DjangoModelMap allows you to specify a model class and a single function called a mapper. The mapper function can do anything to your model instance, including When running the pipeline, the mapper function is called on each instance of your model class. As an example, consider this simple model:
class User(models.Model):
name = models.CharField()
city = models.CharField()
age = models.IntegerField()
A mapper class which output the name and age of each User in a tab-delimited format looks like this:
from djangoappengine.mapreduce import pipeline as django_pipeline
from mapreduce import base_handler
def name_age(user):
yield "%s\t%s\n" % (user.name, user.age)
class UserNameAgePipeline(base_handler.PipelineBase):
def run(self):
yield django_pipeline.DjangoModelMap(User, name_age)

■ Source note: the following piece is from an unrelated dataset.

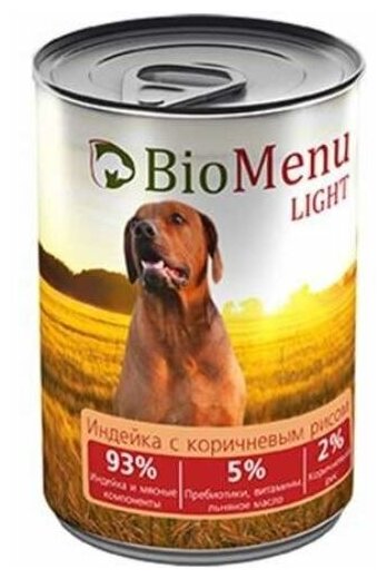 Корм для собак BioMenu LIGHT Консервы для собак Индейка с коричневым рисом 93%-мясо 410г (12шт)

A mapreduce class which outputs the average age of the users in each city looks like this:
from djangoappengine.mapreduce import pipeline as django_pipeline
from mapreduce import base_handler
def avg_age_mapper(user):
yield (user.city, user.age)
def avg_age_reducer(city, age_list):
yield "%s\t%s\n" % (city, float(sum(age_list))/len(age_list))
class AverageAgePipeline(base_handler.PipelineBase):
def run(self):
yield django_pipeline.DjangoModelMapreduce(User, avg_age_mapper, avg_age_reducer)